Ich verfolge Erzählmirnix auf Facebook schon eine ganze Weile und irgendwann rumorte das Buch durch den Blog. Ich las die Leseprobe und war ganz angetan. Doch es geriet in Vergessenheit und erst vor zwei oder drei Wochen erinnerte mich meine Schwägerin, selbst ein „großes Mädchen“, an das Buch. Sie hätte jetzt verstanden, warum sie selbst so dick wäre und was sie ändern kann, um Gewicht los zu werden. Sie lieh mir das Buch vor acht Tagen aus. Seit sechs Tagen zähle ich Kalorien und ich habe nicht nur 4kg in sechs Tagen verloren, sondern auch die hundert unterschritten. Ich bin jetzt ein UHu, unter Hundert.

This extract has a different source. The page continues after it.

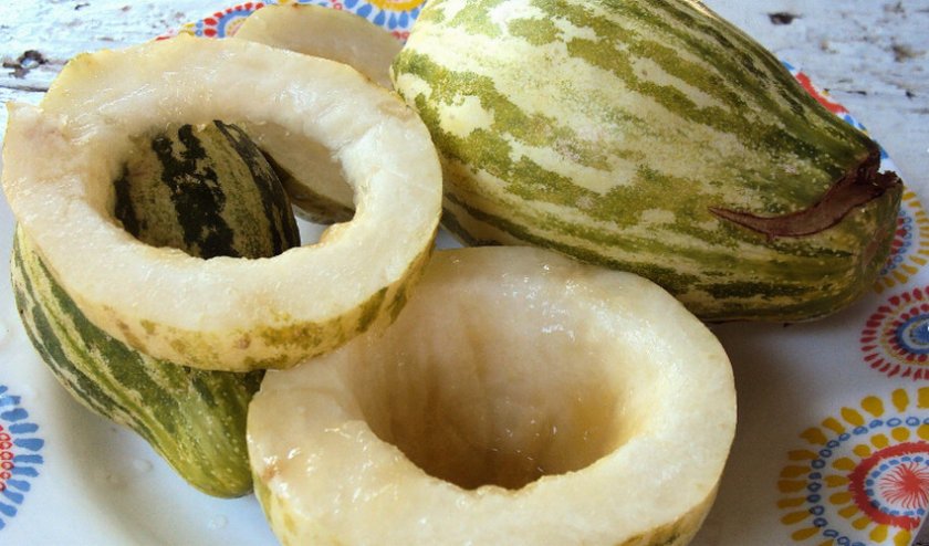 Зрелые плоды по форме напоминают дыню и вырастают до 60–80 см в длину. Масса в среднем составляет 6–8 кг. Кожица желтеет и покрывается зеленоватыми полосками. При разрезе внутри видно небольшое количество семян.

Das Gewicht hatte ich zuletzt vor meiner letzten Schwangerschaft. 

Mit Hilfe von einer Kalorienzähl-App, einem Grundumsatzrechner und einer Kalorientabelle habe ich angefangen. Und mache weiter, denn meine Ziele sind folgende:

1.: 100kg unterschreiten bis Mitte März

2.: 90kg unterschreiten bis Ende August

3.: 80kg unterschreiten bis Ende 2017

4.: 70kg unterschreiten bis März 2018

5.: zum Schulbeginn 2018 67kg erreichen und halten. 

Dass das erste Ziel so schnell erreicht ist, hätte ich nie gedacht. Wir haben Ende Februar 2017!!! Damit gebe ich mir für 30 Kilo anderthalb Jahre, was extrem ehrgeizig ist. Aber machbar. Ich möchte dazu mit kleinen Gewichten arbeiten, um wenigstens ein bisschen was für meine schlaffen Muskeln zu tun und der liebe Nachbar hat mir sein Taebo-Basic-Programm via DVD angeboten. Wobei ich nicht weiß, ob ich meinem lädierten Knie dieses Rumhopsen antun kann.

Ich bin gespannt und werde berichten. Bis jetzt bin ich schon stolz, meinem inneren Schweinehund den Kampf angesagt und einen kleinen Erfolg eingeheimst zu haben. Und satt kenne ich zwar noch nicht, aber das kommt bestimmt noch!